Work required:
Using the records below, transcribe exactly only the lines from the one with "Матеріал (фарба) для" through the end, both included, and drop every picture.

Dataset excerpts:

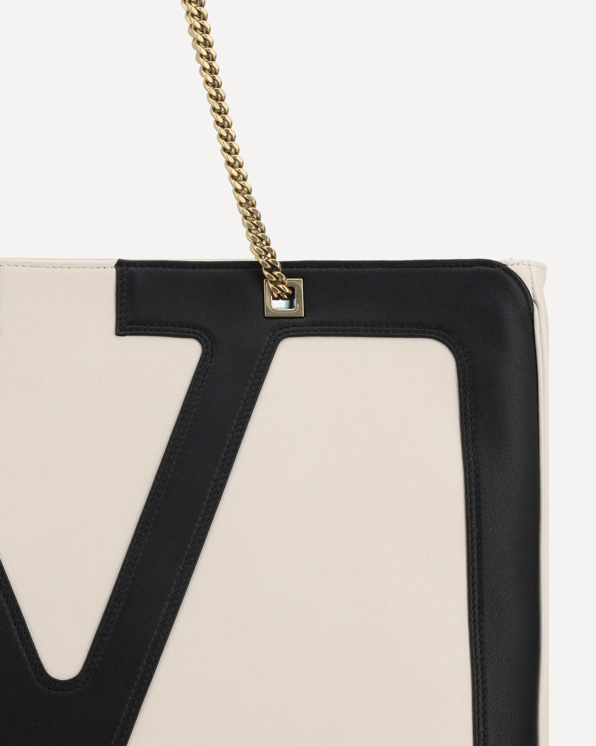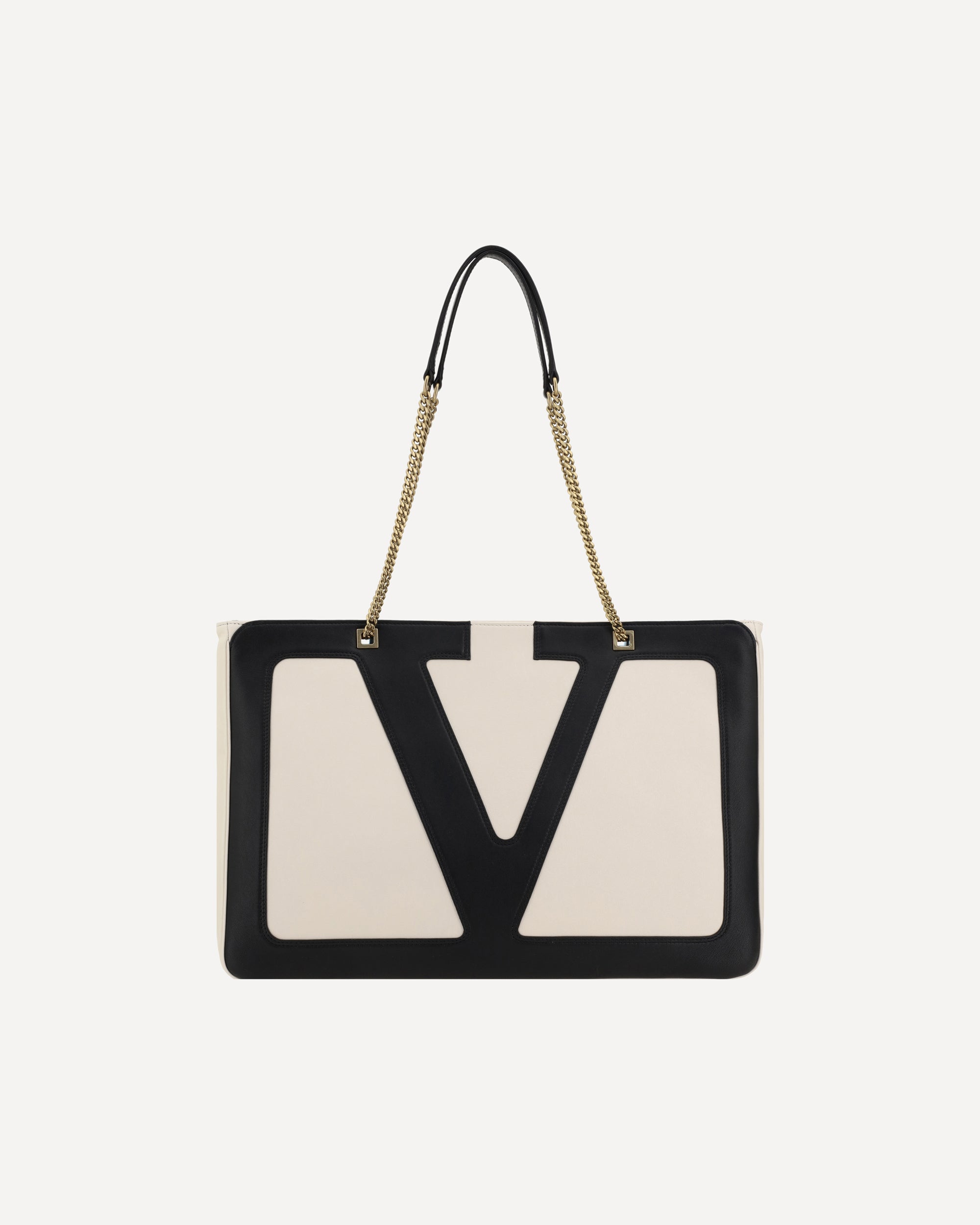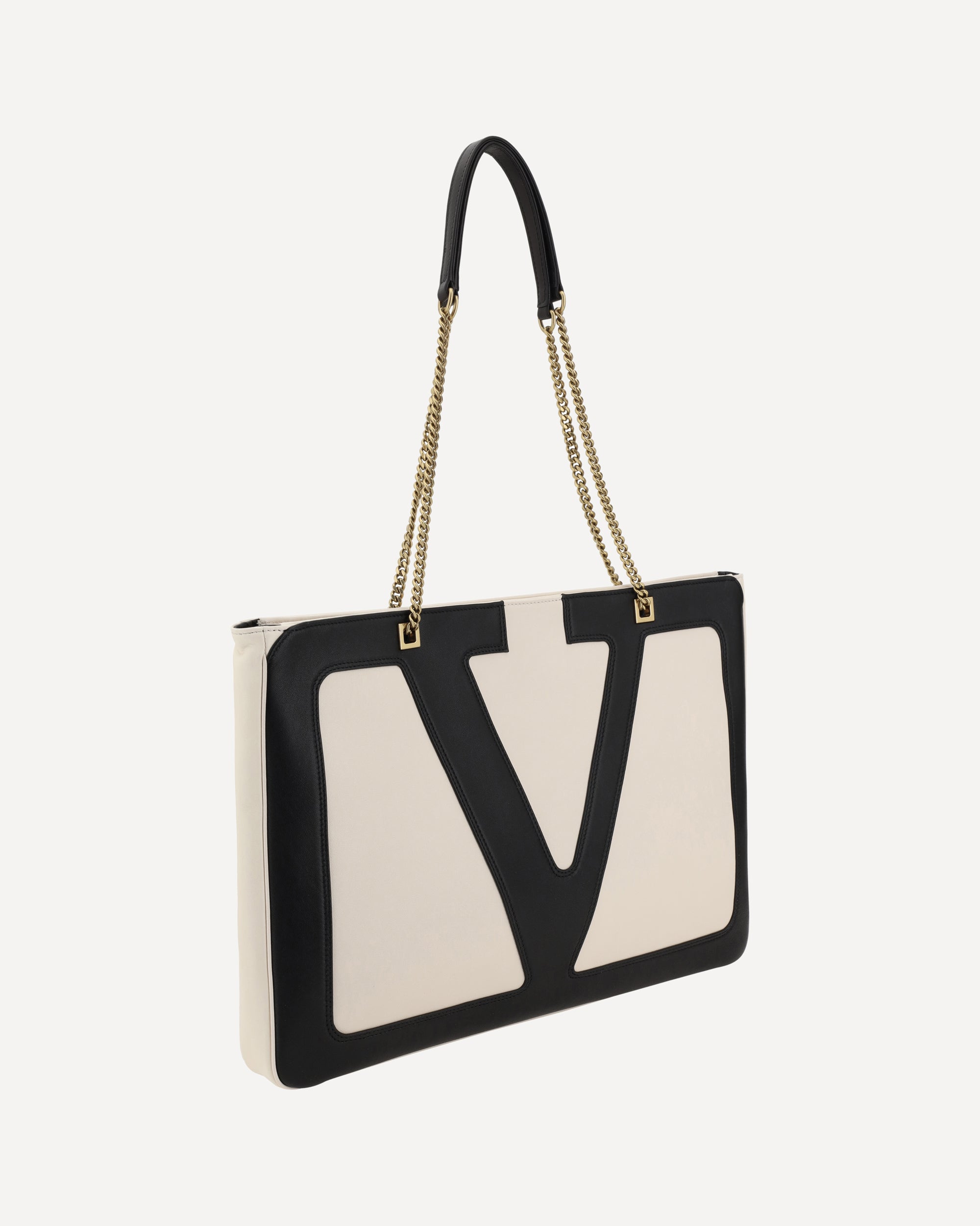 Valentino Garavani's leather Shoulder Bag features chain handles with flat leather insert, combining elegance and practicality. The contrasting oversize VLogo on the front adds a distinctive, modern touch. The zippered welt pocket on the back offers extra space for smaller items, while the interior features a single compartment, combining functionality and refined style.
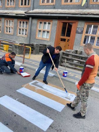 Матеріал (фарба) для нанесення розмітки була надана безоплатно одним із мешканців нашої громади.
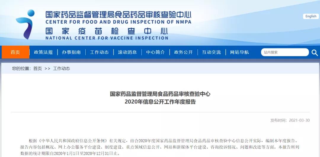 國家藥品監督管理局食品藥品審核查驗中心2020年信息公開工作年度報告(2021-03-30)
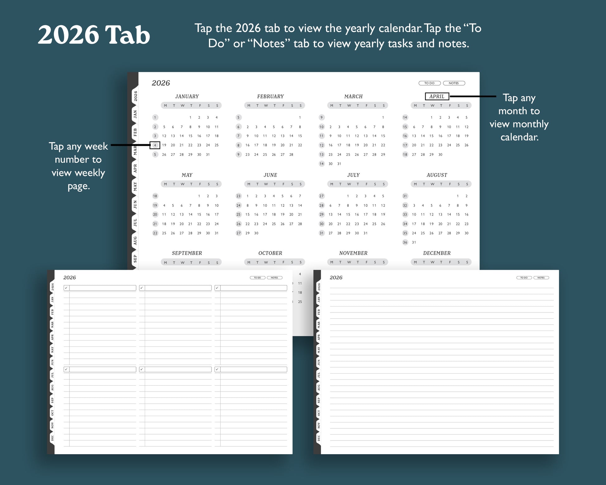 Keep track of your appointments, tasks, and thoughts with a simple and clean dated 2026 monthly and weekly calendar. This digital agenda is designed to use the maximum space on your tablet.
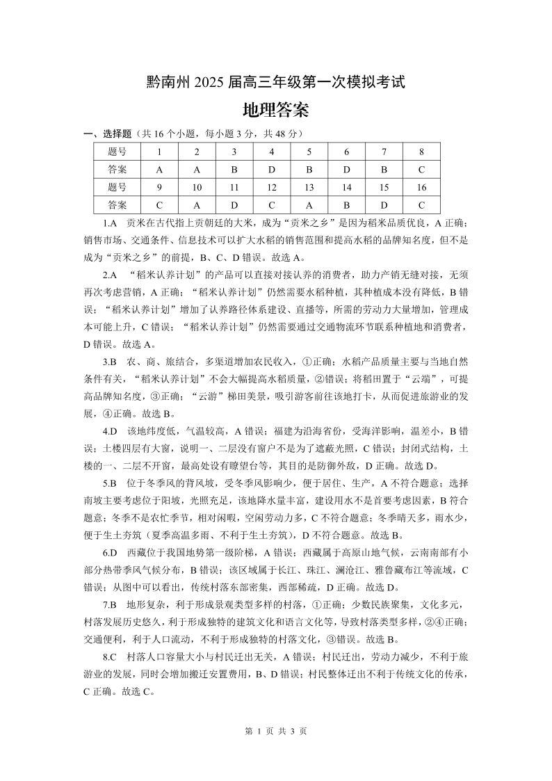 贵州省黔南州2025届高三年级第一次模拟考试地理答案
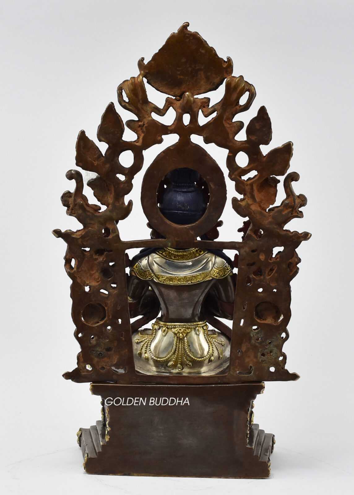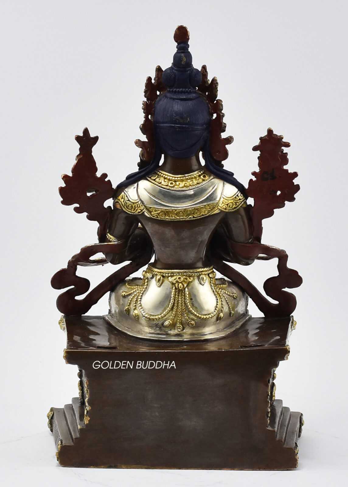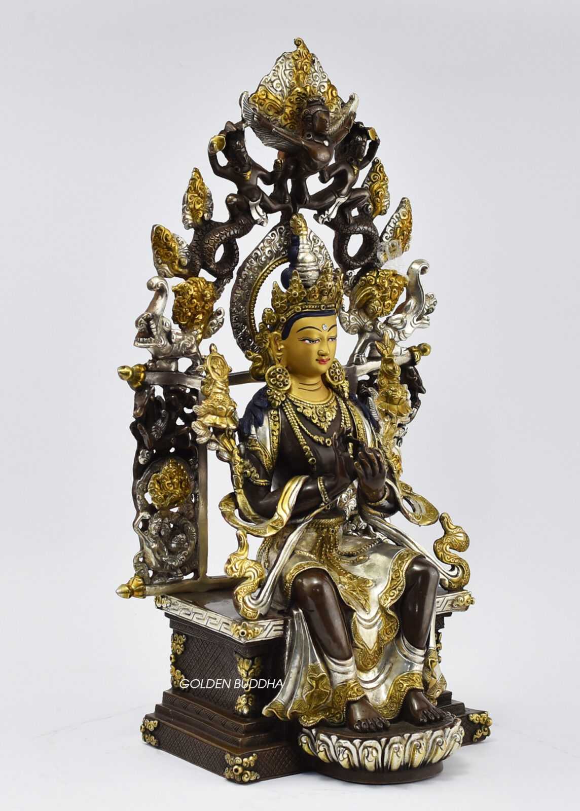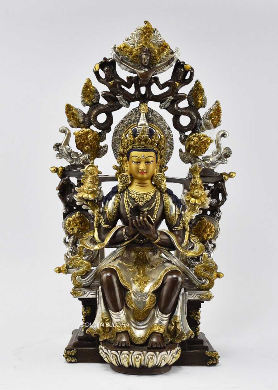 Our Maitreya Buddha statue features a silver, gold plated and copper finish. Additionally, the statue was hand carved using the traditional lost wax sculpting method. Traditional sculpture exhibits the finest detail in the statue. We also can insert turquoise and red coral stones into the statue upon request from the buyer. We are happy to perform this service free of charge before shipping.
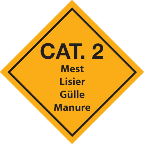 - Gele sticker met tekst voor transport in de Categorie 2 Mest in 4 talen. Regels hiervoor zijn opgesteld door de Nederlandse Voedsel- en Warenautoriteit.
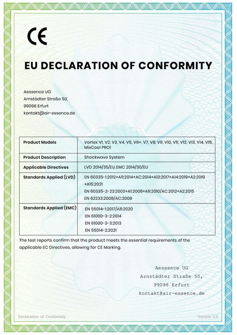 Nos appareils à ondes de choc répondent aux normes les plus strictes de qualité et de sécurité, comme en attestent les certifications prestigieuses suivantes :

Problem solution:
 Матеріал (фарба) для нанесення розмітки була надана безоплатно одним із мешканців нашої громади.
 國家藥品監督管理局食品藥品審核查驗中心2020年信息公開工作年度報告(2021-03-30)
 Keep track of your appointments, tasks, and thoughts with a simple and clean dated 2026 monthly and weekly calendar. This digital agenda is designed to use the maximum space on your tablet.
 贵州省黔南州2025届高三年级第一次模拟考试地理答案
 Our Maitreya Buddha statue features a silver, gold plated and copper finish. Additionally, the statue was hand carved using the traditional lost wax sculpting method. Traditional sculpture exhibits the finest detail in the statue. We also can insert turquoise and red coral stones into the statue upon request from the buyer. We are happy to perform this service free of charge before shipping.
 - Gele sticker met tekst voor transport in de Categorie 2 Mest in 4 talen. Regels hiervoor zijn opgesteld door de Nederlandse Voedsel- en Warenautoriteit.
 Nos appareils à ondes de choc répondent aux normes les plus strictes de qualité et de sécurité, comme en attestent les certifications prestigieuses suivantes :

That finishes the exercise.